A new framework for financial risk management

A new framework for financial risk management

With ESSEC Knowledge Editor-in-chief

If you’ve turned on the news in the last year and a half, you’ve heard about how COVID-19 has decimated the economy: many companies have taken a financial hit during the pandemic, and as we begin the economic recovery, they are looking at how to offset their losses. This highlights the need for financial risk management models that empower companies to make smart decisions and manage risk. To that end, myself (Andrea Roncoroni, professor of finance at ESSEC), and Paolo Guiotto (Università degli Studi di Padova) recently developed a framework for the optimal design of combined custom contingent claims, i.e. tailor-made financial derivatives that allow the buyer to jointly mitigate risks stemming from insurable and non-insurable exposure to uncertainty. Our model has been developed in Combined Custom Hedging: Optimal Design, Noninsurable Exposure, and Operational Risk Management (forthcoming in Operations Research). It allows companies to evaluate the benefits of using combined custom claims compared to single-claim hedges and to rank the corresponding performances, thus offering a strategic approach for even the most risk-averse firms. 

A model for combined custom contingent claims 

Generally speaking, firms want to maximize their expected profits, reduce uncertainty in their cash flow, or optimize some suitable combination of the two. We developed a rigorous mathematical model to design and analyze combined custom contingent claims, unifying past research streams into one single framework. This provides a methodology for optimally designing custom claims, to cope with mixed insurable and non-insurable risks. Our approach offers an evidence-based decision process to manage risk, namely the monetary benefit gained by switching from single claim to combined custom hedge, including ranking alternative options to get the full picture. 

In this context, customization refers to “tailoring a payoff written on a given underlying risk term” and combination stands for “assembling payoffs written on different underlying risk terms” (Roncoroni and Guiotto, p.1). Traditionally, they are often treated separately in claims, motivating the researchers to build an innovative methodology for combining them and assessing the benefits of the combination.

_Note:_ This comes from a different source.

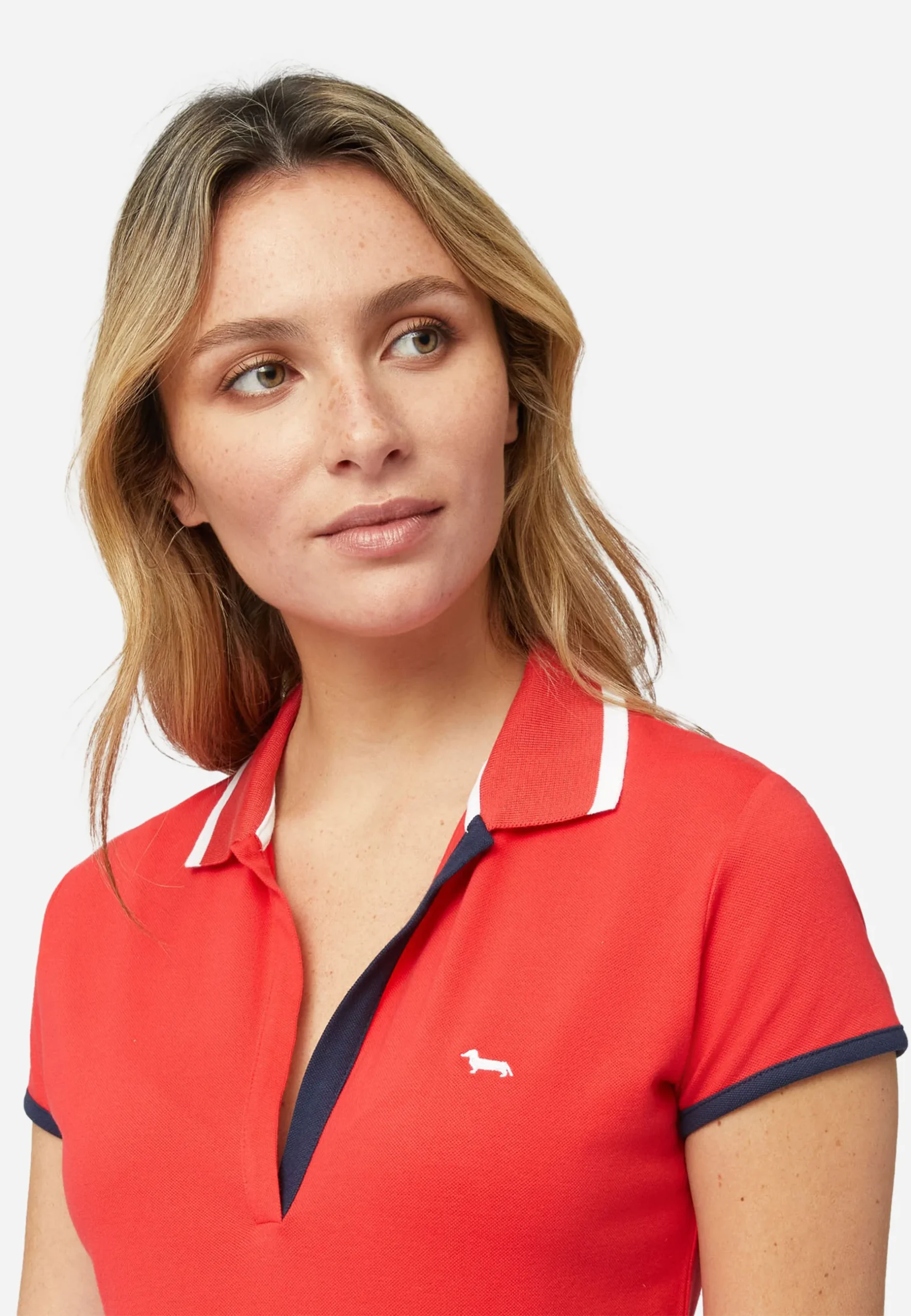 Polo femenino de manga corta, Su color rojo vibrante está realzado con detalles en blanco en el cuello y acabados en azul marino en el interior del cuello y mangas, aportando un contraste elegante y moderno. Incluye escote en V con solapa tipo polo y un discreto logotipo bordado en el pecho, ideal para uniformes corporativos, eventos empresariales o un look business casual sofisticado.

Part of the framework includes evaluating the combination value, i.e. the monetary value that makes a single-claim custom hedge as good as the optimal combined custom hedge. We also recognized that firms have varying approaches to risk management, and identified lower bounds for the combination value depending on a refinement of the well-known concept of risk aversion, which allows one to disentangle strictly from weakly risk averse firms. 

The model allows decision-makers to evaluate the incremental benefit that a firm, even a risk-averse firm, gains using a custom combined hedge approach compared to other options, offering a way to quantify its usefulness and benefits over other options. This permits analysis of the value enhancement from their optimal custom combined hedge when applied to business management and operations, i.e. the point when it outperforms other options. Firms can thus evaluate the gain they can expect from using this method compared to alternative hedges available for trading. This also offers a tool for the optimal risk management of corporate exposure.

This framework would have been useful had it been implemented before the COVID-19 pandemic, i.e. before an event occurring that hurts the company’s profits, given its proven utility for risk-averse firms experiencing a market shock.

Further, this model offers increased operational flexibility. Firms want accurate, well-designed contingent claims, and this model satisfies that need. 


The framework we developed offers an evidence-based, rigorous approach to combined custom hedging, including how to optimize and analyze the model while managing risk in a way that suits the firm’s financial practices. Different firms have different approaches to risk management, and this framework offers a way to design custom claims while keeping that in mind. The model offers a solution for designing optimal custom claims and also evaluating the benefit that this approach offers over other alternatives, making it useful for firms seeking to optimize their financial situation, introduce flexibility into their operations, and manage risk.


Guiotto, P., & Roncoroni, A. (2020). Combined custom hedging: Optimal design, noninsurable exposure, and operational risk management. Forthcoming in Operations Research.